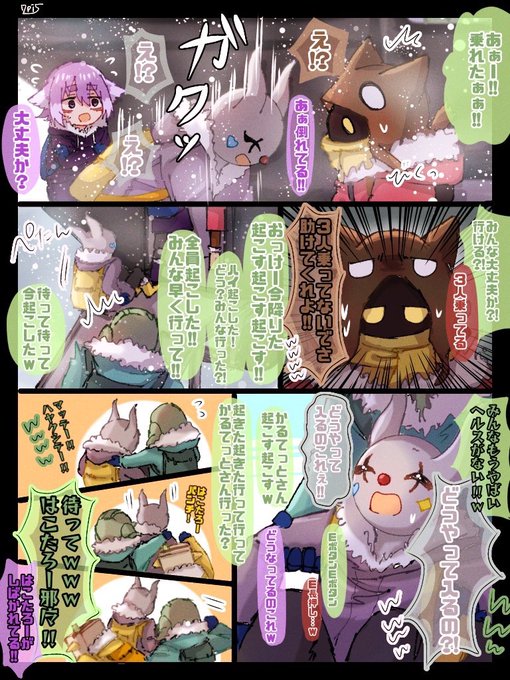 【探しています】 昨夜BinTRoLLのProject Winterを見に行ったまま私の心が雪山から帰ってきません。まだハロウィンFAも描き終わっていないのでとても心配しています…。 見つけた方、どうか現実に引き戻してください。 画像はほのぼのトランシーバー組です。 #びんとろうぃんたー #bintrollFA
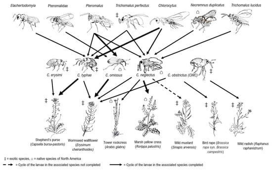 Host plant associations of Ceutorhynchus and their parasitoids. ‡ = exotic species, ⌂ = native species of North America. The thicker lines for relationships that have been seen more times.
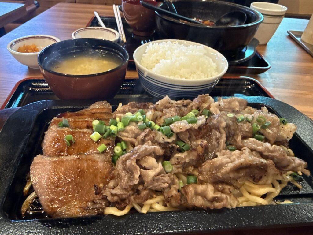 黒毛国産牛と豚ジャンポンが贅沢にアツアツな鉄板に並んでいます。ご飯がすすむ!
──────────
TASK INSTRUCTIONS:
Exact copy, no pictures: reproduce the whole listing above.

RESPONSE AREA:
 【探しています】 昨夜BinTRoLLのProject Winterを見に行ったまま私の心が雪山から帰ってきません。まだハロウィンFAも描き終わっていないのでとても心配しています…。 見つけた方、どうか現実に引き戻してください。 画像はほのぼのトランシーバー組です。 #びんとろうぃんたー #bintrollFA
 Host plant associations of Ceutorhynchus and their parasitoids. ‡ = exotic species, ⌂ = native species of North America. The thicker lines for relationships that have been seen more times.
 黒毛国産牛と豚ジャンポンが贅沢にアツアツな鉄板に並んでいます。ご飯がすすむ!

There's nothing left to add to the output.